▶ [Source material]:
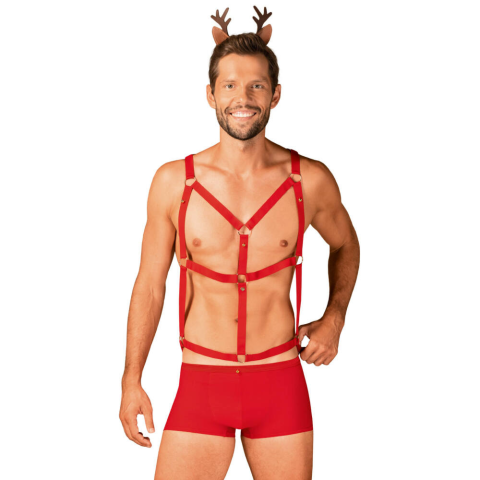 1 kép Obsessive Mr Reindy - férfi rénszarvas jelmez szett (3 részes) - piros
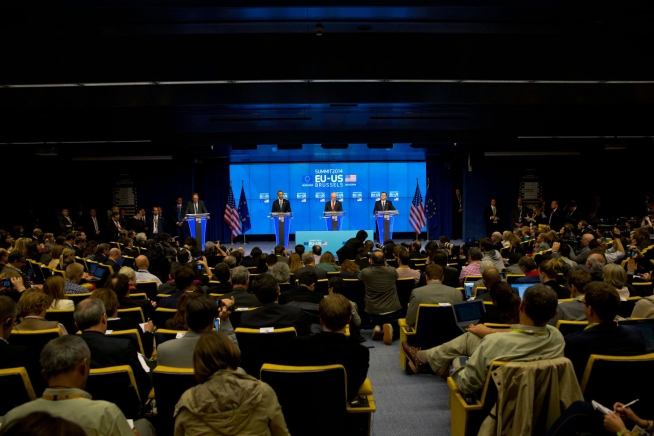 President Barack Obama participates in a joint news conference with EU Council President Herman Van Rompuy and EU Commission President Jose Manuel Barroso at the EU-US summit meeting at the EU Council building in Brussels, Belgium, March 26, 2014. (Official White House Photo by Lawrence Jackson)
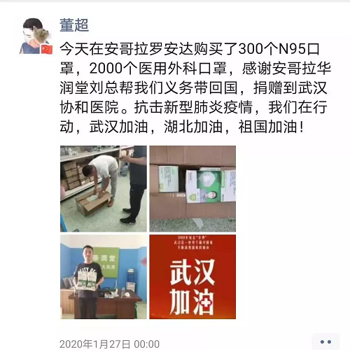 中国能建葛洲坝三峡建设公司安哥拉凯凯水电站项目部的一对情侣,时刻关注着国内的疫情防控进展。他们联系多家当地商户无果,后在安哥拉华润实业公司负责人处购买2万只医用外科口罩,另购买了300只N95口罩、2000只普通医用外科口罩运往国内。
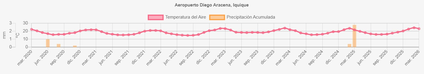 Datos de precipitaciones y temperatura en Aeródromo Iquique
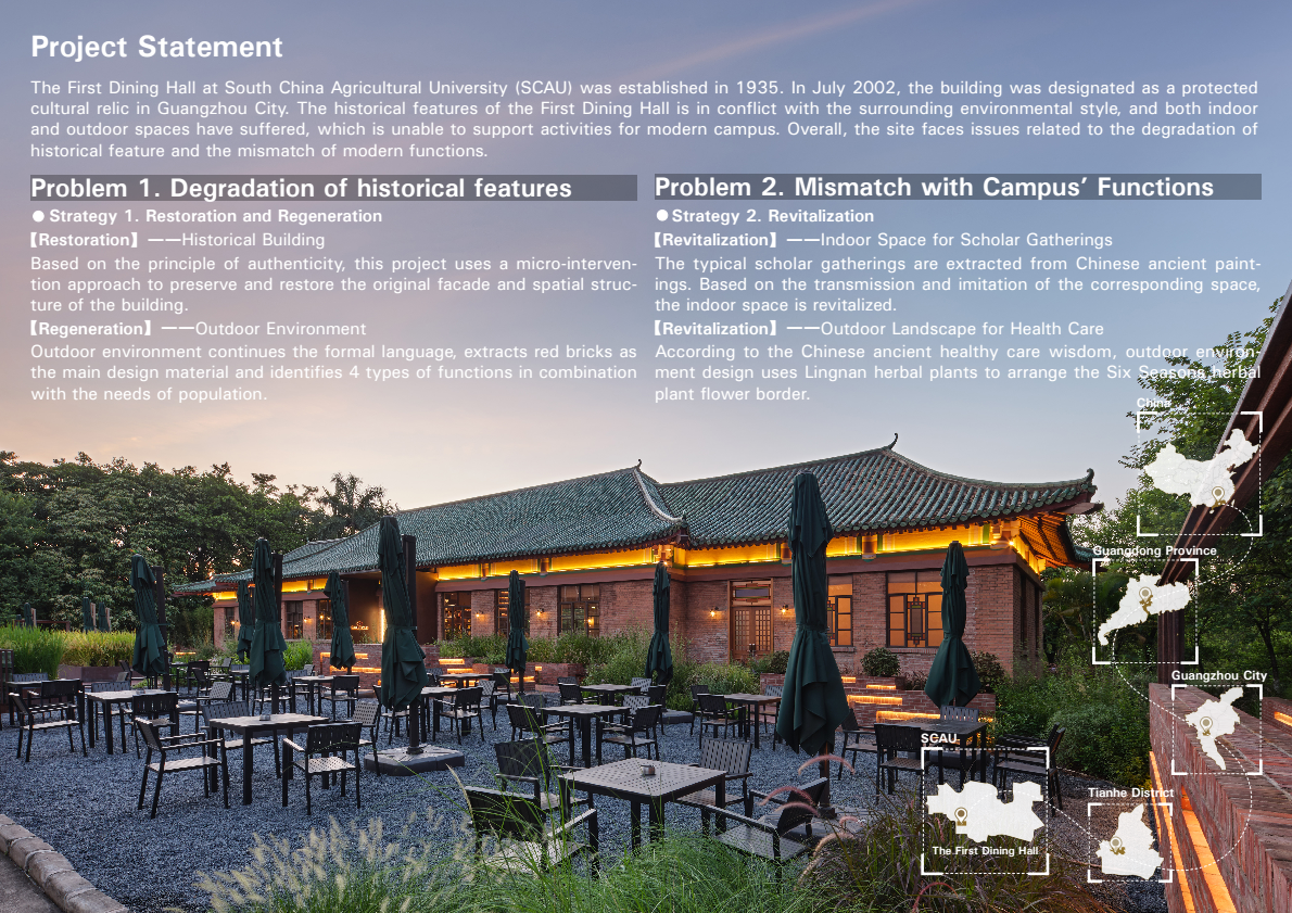 据介绍,华农酸奶文化馆前身为中山大学乙组膳堂,始建于1935年,由著名华侨商人胡文虎、胡文豹兄弟捐建,2002年7月被列为广州市第六批文物保护单位。2023年2月,历经两年改造升级,华农酸奶文化馆正式开放营业。项目由广州华农大食品科技有限公司委托、广东华农大城市规划设计研究院有限公司施工,涵盖整体风貌协调、户外环境再生、建筑本体修缮以及室内空间活化四部分设计内容,以微介入的方式对建筑本体进行修缮,在保护了文物建筑遗产风貌的基础上,以风景园林手法主导整体历史环境更新,激活紧邻学生社区的历史空间,营造服务师生的校园文化生活场所,传承华农文脉,弘扬校园文化,使华农酸奶文化馆成为广受师生欢迎的校园新地标。
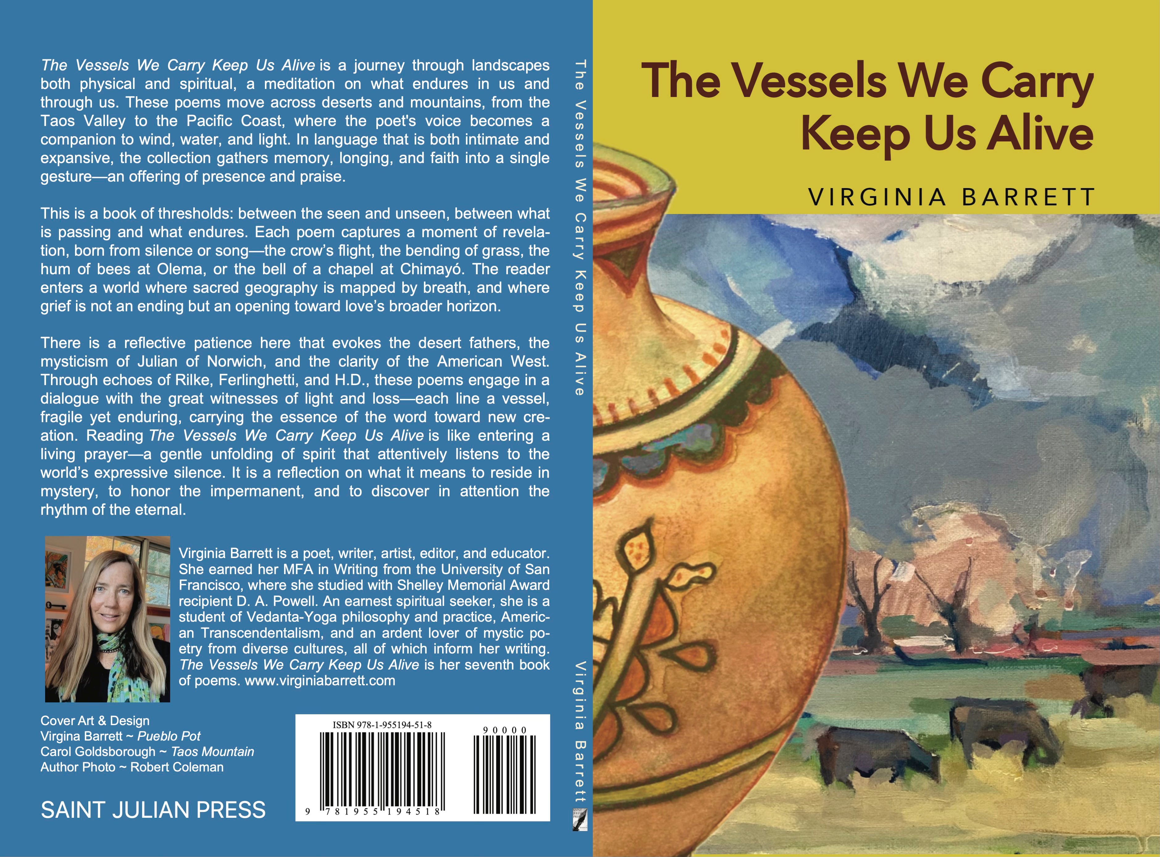 Virginia Barrett is a poet, writer, artist, editor, and educator. She earned her MFA in Writing from the University of San Francisco, where she studied with Shelley Memorial Award recipient D. A. Powell. An earnest spiritual seeker, she is a student of Vedanta-Yoga philosophy and practice, American Transcendentalism, and an ardent lover of mystic poetry from diverse cultures, all of which inform her writing. The Vessels We Carry Keep Us Alive is her seventh book of poems.

▶ [The problem]:
I'd like the lines above repeated exactly, from the one that contains "President Barack Obama" through the one that contains "据介绍,华农酸奶文化馆前身为", with no pictures.

▶ [Output]:
 President Barack Obama participates in a joint news conference with EU Council President Herman Van Rompuy and EU Commission President Jose Manuel Barroso at the EU-US summit meeting at the EU Council building in Brussels, Belgium, March 26, 2014. (Official White House Photo by Lawrence Jackson)
 中国能建葛洲坝三峡建设公司安哥拉凯凯水电站项目部的一对情侣,时刻关注着国内的疫情防控进展。他们联系多家当地商户无果,后在安哥拉华润实业公司负责人处购买2万只医用外科口罩,另购买了300只N95口罩、2000只普通医用外科口罩运往国内。
 Datos de precipitaciones y temperatura en Aeródromo Iquique
 据介绍,华农酸奶文化馆前身为中山大学乙组膳堂,始建于1935年,由著名华侨商人胡文虎、胡文豹兄弟捐建,2002年7月被列为广州市第六批文物保护单位。2023年2月,历经两年改造升级,华农酸奶文化馆正式开放营业。项目由广州华农大食品科技有限公司委托、广东华农大城市规划设计研究院有限公司施工,涵盖整体风貌协调、户外环境再生、建筑本体修缮以及室内空间活化四部分设计内容,以微介入的方式对建筑本体进行修缮,在保护了文物建筑遗产风貌的基础上,以风景园林手法主导整体历史环境更新,激活紧邻学生社区的历史空间,营造服务师生的校园文化生活场所,传承华农文脉,弘扬校园文化,使华农酸奶文化馆成为广受师生欢迎的校园新地标。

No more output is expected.